SpaceX will not longer be manufacturing its Mars spaceship and rocket booster at the Port of Los Angeles. Instead, the work will be done in South Texas. https://t.co/LqBfPawiZf
— Los Angeles Times (@latimes) January 16, 2019
Update: CEO Elon Musk stated on Twitter that the Los Angeles Times’ original report and a partial miscommunication on behalf of SpaceX misconstrued an official statement that early-stage Starship and Super Heavy prototype construction and development would stay in South Texas for the time being. It appears that SpaceX’s Port of LA plans remain largely unchanged.

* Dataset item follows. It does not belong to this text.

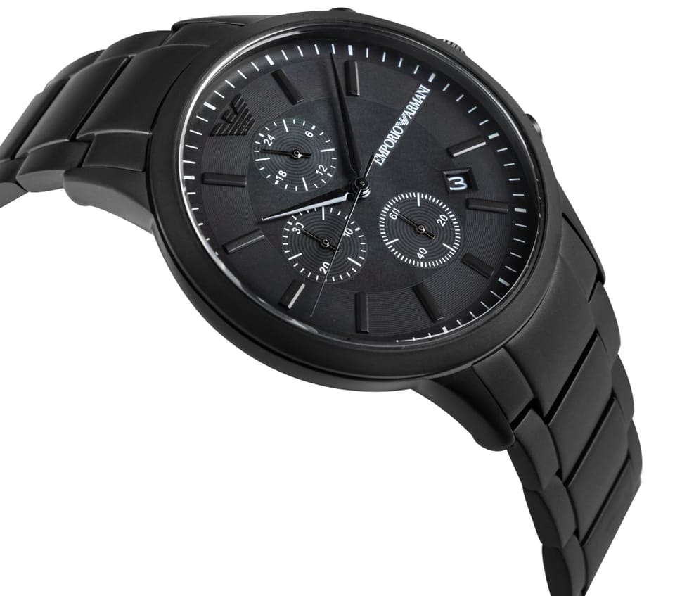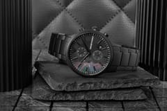 Zegarek męski Emporio Armani Renato AR11275 to elegancki czasomierz, który łączy klasyczny styl z nowoczesnym designem charakterystycznym dla marki Armani. Koperta o średnicy około 43 mm wykonana jest ze stali szlachetnej w kolorze czarnym, co nadaje zegarkowi trwałości i ponadczasowego wyglądu. Czarna matowa bransoleta ze stali szlachetnej doskonale komponuje się z czarno perłowym cyferblatem, na którym znajdują się minimalistyczne indeksy godzinowe oraz logo Emporio Armani umieszczone na godzinie 12. Zegarek wyposażony jest w precyzyjny mechanizm kwarcowy, zapewniający dokładne odmierzanie czasu. Szkiełko mineralne chroni tarczę przed zarysowaniami, a wodoszczelność na poziomie 5 ATM pozwala na bezpieczne użytkowanie zegarka podczas codziennych czynności. Model Emporio Armani Renato AR11275 to doskonały wybór dla mężczyzn ceniących klasykę, elegancję i jakość wykonania, idealny zarówno do garnituru, jak i do casualowych stylizacji.

The source info is incorrect. Starship & Raptor development is being done out of our HQ in Hawthorne, CA. We are building the Starship prototypes locally at our launch site in Texas, as their size makes them very difficult to transport.
— Elon Musk (@elonmusk) January 16, 2019
“To streamline operations, SpaceX is developing and will test the Starship test vehicle at our site in South Texas. This decision does not impact our current manufacture, design, and launch operations in Hawthorne and Vandenberg Air Force Base in California. Additionally, SpaceX will continue recovery operations of our reusable Falcon rockets and Dragon spacecraft at the Port of Los Angeles.” – SpaceX, January 16th, 2019
In early 2018, SpaceX announced that it had required a new berth in Port of San Pedro with the specific intention of building a brand-new BFR factory. By keeping BFR production in Los Angeles and locating it directly adjacent to its transportation mode of choice (a barge from California to Texas), the official hope was to retain the best aerospace talent in the US (generally centered around central California) and ensure that its main Hawthorne factory was just a short drive away while still being able to relatively affordably transport massive 9m/30 foot-diameter BFR spaceships and boosters between California and Texas.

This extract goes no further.